The vertical canals are oriented at 45 degrees with regard to the sagittal plane, and the horizontal canal is tilted upward anteriorly about 30 degrees from the horizontal plane.
Scarpa's ganglion has two parts, the superior ganglion and the inferior ganglion. The former gives rise to nerves that supply the superior (anterior) and horizontal crista and the utricular macula; the latter supplies the posterior crista and the saccular macula.
The blood supply to the vestibular labyrinth is the labyrinthine artery, which has two branches: the anterior vestibular artery supplies the superior and horizontal ampullae and the utriculus and the common cochlear artery, which divides into the proper cochlear artery and the vestibulocochlear artery; the latter splits into a cochlear branch and the posterior vestibular artery, which supplies the posterior ampulla and the sacculus.
Vestibular hair cells are embedded in a matrix of supporting cells and form tight junctions with the supporting cells, which divide the labyrinth into endolymphatic and perilymphatic compartments.
Vestibular hair cells have a staircase arrangement of several rows of actin-filled stereocilia; these are anchored in a cuticular plate on their apical surface, and a single kinocilium defines the morphologic polarization for the hair cell.
Hair cells make synaptic contacts with their afferents by means of ribbon synapses. The three types of vestibular afferents are calyceal afferents, which enclose one or more type I hair cells; bouton afferents, which contact type II hair cells; and dimorphic afferents, which receive synaptic contacts from both types of hair cells. Efferents contact afferents and type II hair cells.
Calyceal afferents are found in the central (striolar) region of the crista (macula); bouton afferents are found in the peripheral (extrastriolar) region of the crista (macula); and dimorphic afferents are found throughout the sensory epithelium.
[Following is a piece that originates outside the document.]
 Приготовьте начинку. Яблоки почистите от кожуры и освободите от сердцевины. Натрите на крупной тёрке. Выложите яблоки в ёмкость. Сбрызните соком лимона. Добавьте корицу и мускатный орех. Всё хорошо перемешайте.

The vestibular nuclei are divided into four main subdivisions—superior, medial, lateral, and inferior—and further subdivided into several minor cell groups.
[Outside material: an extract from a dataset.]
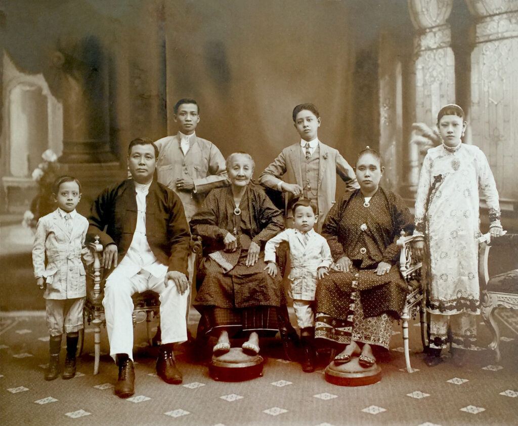 Lim Eng Neo with one of her sons, the prosperous rubber trader Chua Lip Sian and his family in high sartorial fashion. His wife, seated at right, was Tan Teck Hoon Neo, a cousin of Tan Jiak Kim, the founding president of the Straits Chinese British Association (now The Peranakan Association Singapore). Lip Sian’s daughter, Margaret Chua Swee Him, standing at extreme right, is in a stylised outfit combining Chinese and Western elements. Standing from left is Lip Sian’s younger brother, Lip How, and his eldest son, Poh Boon. His younger sons in jackets and boots are Poh Boo (extreme left) and Poh Chuan (middle). Circa 1913. Photograph taken at the Lee Brothers studio at Hill Street, Singapore. Courtesy of Charles Seet.

Vestibular afferents give rise to two branches in the vestibular nuclei: a rostral branch projects to the rostral part of the superior and medial vestibular nuclei and the cerebellum, and a caudal branch projects to the inferior and medial vestibular nuclei and to the ventrolateral part of the lateral vestibular nucleus. Saccular afferents project to the y group.
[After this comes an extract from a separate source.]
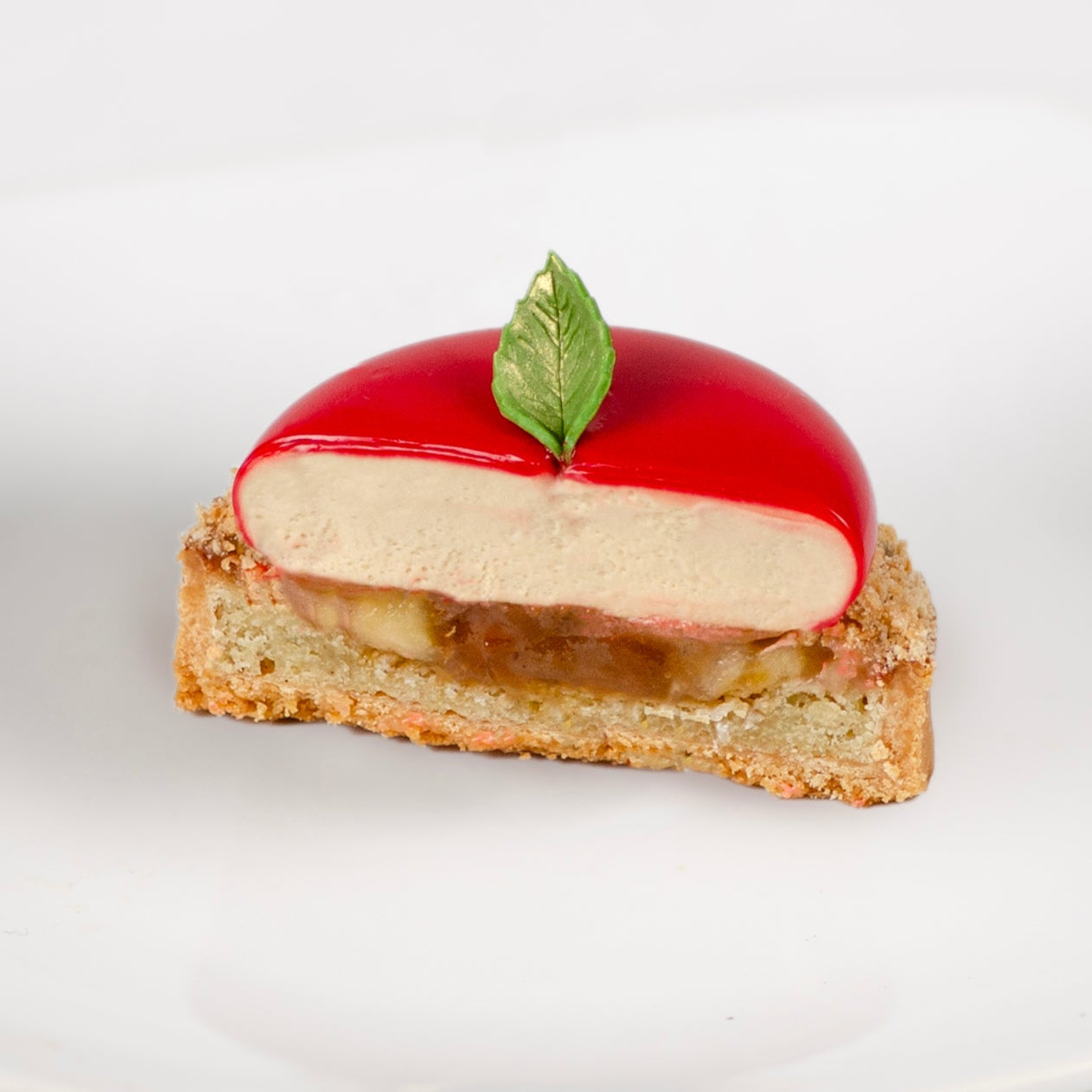 Our version of an apple tart.  A buttery tart shell filled with almond cream, house made caramel apple butter and cooked local apples. Topped with a caramel mousse covered in a shiny glaze and finished with oat crumble.

The superior and medial vestibular nuclei project to the oculomotor complex and are involved in the vestibulo-ocular reflex (VOR). The medial and inferior vestibular nuclei also give rise to the medial vestibulospinal tract, which runs in the medial longitudinal fasciculus. The latter tract projects to oculomotor and neck muscles for vestibulocollic or vestibulo-oculocervical reflexes.
The lateral vestibular nucleus contains giant Deiters cells. This nucleus gives rise to axons in the somatotopically organized lateral vestibulospinal tract, in which medium-sized cells project to ventral horn cells in the cervical spinal cord and large neurons project to the lumbar spinal cord.
The vestibular system is the system of balance and equilibrium; it consists of five distinct sensory organs: three semicircular canals that are sensitive to angular accelerations, or rotations, and two otoliths that are sensitive to linear accelerations such as motion in a vehicle or on an elevator. This chapter describes the anatomic basis for these functions.
The semicircular canals are arranged as a set of three orthogonal sensors—that is, each canal is at approximately right angles to the other two ( Fig. 129.1 ) and each of them is maximally sensitive to rotations that lie in the plane of that canal. The result of this arrangement is that the three canals can uniquely specify the direction and amplitude of any arbitrary head rotation. Each of the canals acts as an integrating accelerometer; the necessary stimulus for the canal is an angular acceleration, but the information encoded by the firing of the afferent nerve fiber is more closely related to angular velocity. Finally, the canals are organized into functional pairs, wherein both members of the pair lie in the same plane. Any rotation in that plane is excitatory to one of the members of the pair and inhibitory to the other. Although the two horizontal canals form a functional pair in the horizontal system, the situation is more complex in the vertical system. Here, the anterior canal on one side is parallel and coplanar with the posterior canal on the opposite side; for example, the right anterior canal and the left posterior canal form a functional pair.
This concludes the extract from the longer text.